Am 3. Oktober 1990 wird die Wismar in den Schiffsbestand der Bundesmarine übernommen. Sie erhält die Bordnummer P 6170.
Am 27. September 1991 wird die Dienstflagge - der Bundesmarine - zum letzten Mal eingeholt.
...[Indonesien] ... Unter der Flagge der indonesischen Marine trägt das Schiff den Namen »Karpal Republic Indonesia Sutanto« (KRI Sutanto). Internetsuchmaschinen liefern mit diesem Suchbegriff aktuelle Auskünfte über das Schiff.
In der Zeitschrift MarineForum, Ausgabe Juli/August 2002 war folgende Meldung zu lesen:
Indonesien - Fast ein Drittel der Einheiten der indonesischen Flotte sind derzeit nicht einsatzfähig.
36 seiner insgesamt 114 Schiffe und Boote sind nach Darstellung von Marinebefehlshaber Bernard Kent Sondakh dringend reparaturbedürftig.

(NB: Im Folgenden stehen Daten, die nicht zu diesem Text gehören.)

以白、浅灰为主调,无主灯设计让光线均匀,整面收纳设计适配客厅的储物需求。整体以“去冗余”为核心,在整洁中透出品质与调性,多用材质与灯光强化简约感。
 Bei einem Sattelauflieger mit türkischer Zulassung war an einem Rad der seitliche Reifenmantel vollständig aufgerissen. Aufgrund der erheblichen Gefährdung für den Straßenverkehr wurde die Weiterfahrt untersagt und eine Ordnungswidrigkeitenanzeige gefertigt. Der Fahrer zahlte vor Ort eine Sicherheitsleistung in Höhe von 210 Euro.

Wenn nichts geschehe, so der Admiral vor der Presse, werde seine Marine in zwei Jahren kein einziges Fahrzeug mehr einsatzklar haben. Auch moderne Waffensysteme seien durch jahrelange Vernachlässigung der Instandhaltung schwer beeinträchtigt. So seien sämtliche im Bestand befindlichen Seeziel-FK MM-38 Exocet (Hauptwaffensystem von FK-SBooten der BADIK-Klasse/Typ U.S. PSMM) zur Zeit nicht einsetzbar. Um der ausufernden, jährlich mehr als 3 Mrd. Euro Schaden verursachenden Fischwilderei in indonesischen Gewässern Einhalt zu gebieten (und sicher wohl auch, um bei den sehr begrenzten eigenen Mitteln auf Gelder des Fischerei-Ministeriums zugreifen zu können) möchte der Admiral jetzt 22 der 36 erwähnten, zur Zeit nicht einsatzklaren Einheiten zu vorrangig im Fischereischutz einzusetzenden, reinen Wach- und Patrouillenfahrzeugen umbauen lassen. Dazu sollen auch die 1992 in Deutschland erworbenen 16 Korvetten PARCHIM-I der ehemaligen NVA-Volksmarine gehören.